What you need to do: Only these lines of the data below are wanted: the one with "Dine in style", the one with "12月26日,来自全省各地的", and any lines between them, each repeated exactly.

Input data:
--------
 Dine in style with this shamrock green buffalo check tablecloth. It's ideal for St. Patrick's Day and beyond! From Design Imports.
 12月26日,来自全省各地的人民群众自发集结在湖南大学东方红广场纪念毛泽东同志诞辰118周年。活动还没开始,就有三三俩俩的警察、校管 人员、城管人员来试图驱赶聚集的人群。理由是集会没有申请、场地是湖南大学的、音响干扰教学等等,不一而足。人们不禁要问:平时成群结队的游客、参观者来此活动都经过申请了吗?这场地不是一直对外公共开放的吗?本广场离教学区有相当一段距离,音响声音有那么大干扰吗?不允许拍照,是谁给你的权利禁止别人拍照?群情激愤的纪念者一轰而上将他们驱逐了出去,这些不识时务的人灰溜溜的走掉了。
--------
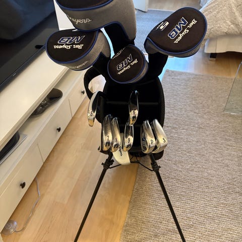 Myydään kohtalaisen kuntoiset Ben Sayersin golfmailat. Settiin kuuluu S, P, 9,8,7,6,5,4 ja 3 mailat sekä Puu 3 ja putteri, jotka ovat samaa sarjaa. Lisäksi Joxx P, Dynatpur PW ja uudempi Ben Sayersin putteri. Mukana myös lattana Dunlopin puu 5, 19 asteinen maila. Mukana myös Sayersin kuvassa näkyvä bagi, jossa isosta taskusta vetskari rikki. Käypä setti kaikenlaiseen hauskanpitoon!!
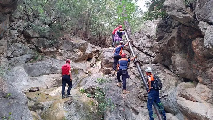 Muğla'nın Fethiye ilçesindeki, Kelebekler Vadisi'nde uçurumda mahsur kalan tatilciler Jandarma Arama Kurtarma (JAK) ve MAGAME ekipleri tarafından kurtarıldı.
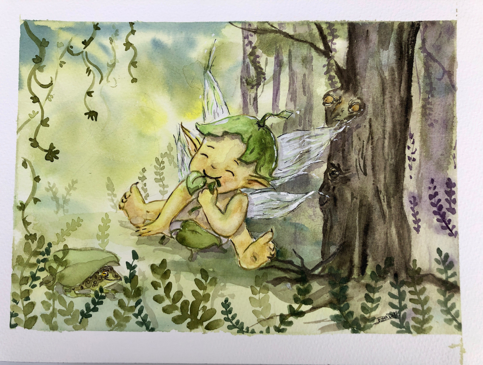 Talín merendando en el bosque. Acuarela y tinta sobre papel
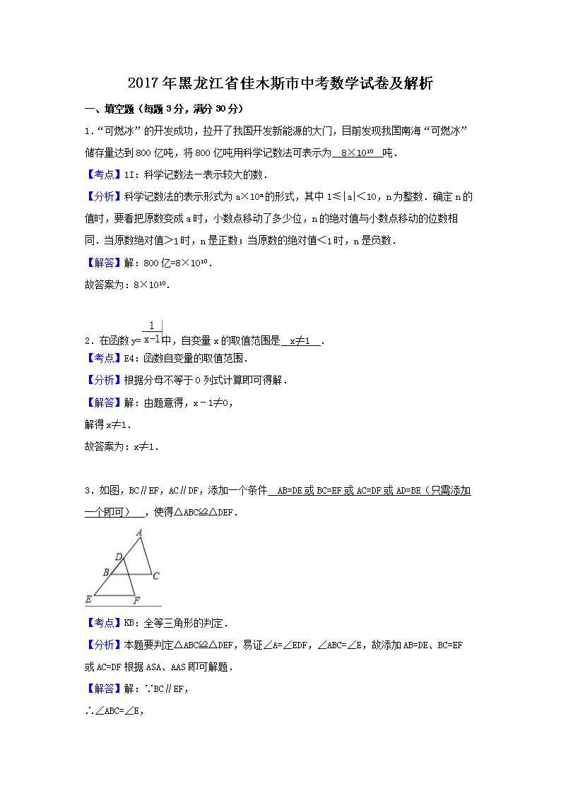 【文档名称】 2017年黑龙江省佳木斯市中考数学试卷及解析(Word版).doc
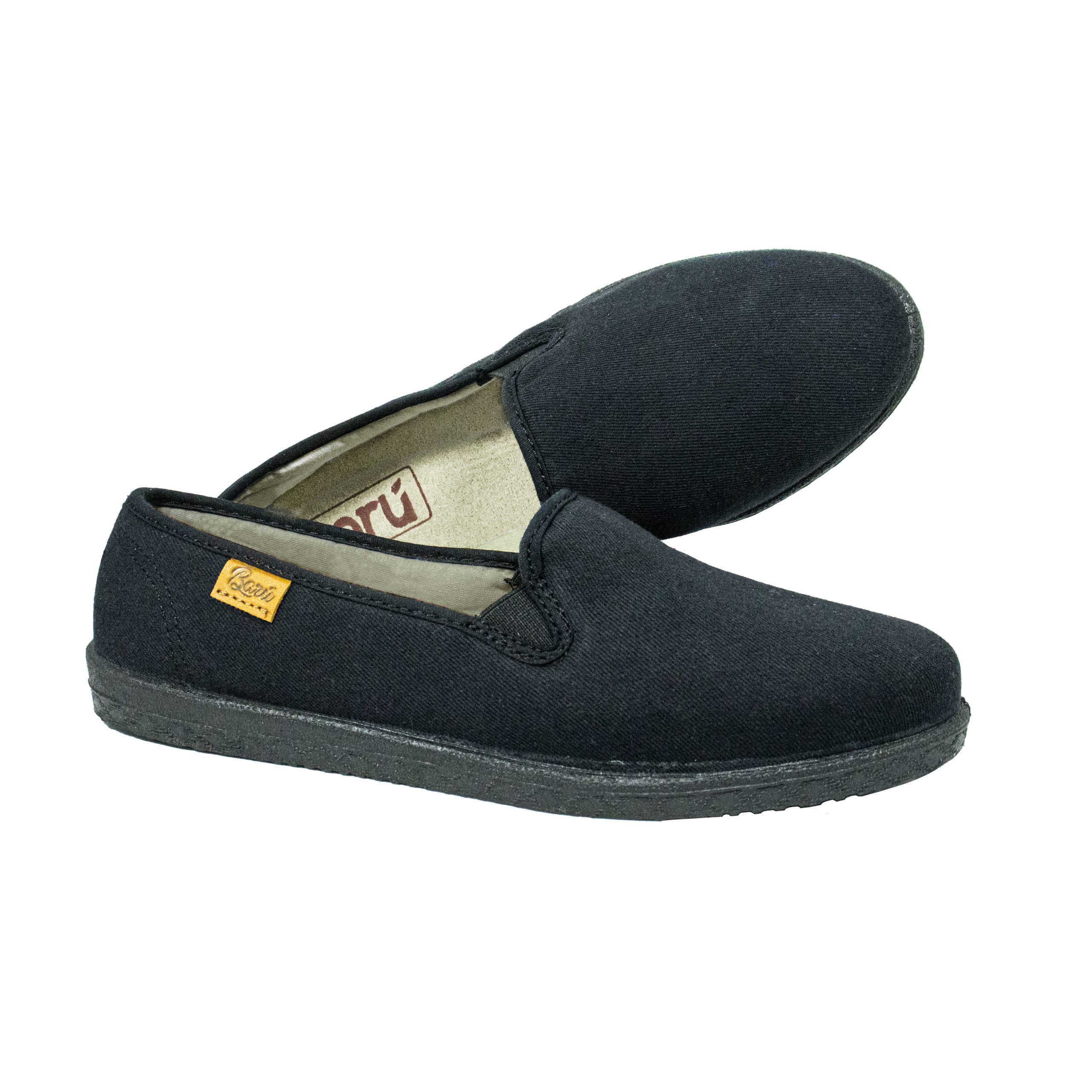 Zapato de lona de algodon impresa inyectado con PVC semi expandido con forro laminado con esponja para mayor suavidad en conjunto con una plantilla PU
--------
Exercise output:
 Dine in style with this shamrock green buffalo check tablecloth. It's ideal for St. Patrick's Day and beyond! From Design Imports.
 12月26日,来自全省各地的人民群众自发集结在湖南大学东方红广场纪念毛泽东同志诞辰118周年。活动还没开始,就有三三俩俩的警察、校管 人员、城管人员来试图驱赶聚集的人群。理由是集会没有申请、场地是湖南大学的、音响干扰教学等等,不一而足。人们不禁要问:平时成群结队的游客、参观者来此活动都经过申请了吗?这场地不是一直对外公共开放的吗?本广场离教学区有相当一段距离,音响声音有那么大干扰吗?不允许拍照,是谁给你的权利禁止别人拍照?群情激愤的纪念者一轰而上将他们驱逐了出去,这些不识时务的人灰溜溜的走掉了。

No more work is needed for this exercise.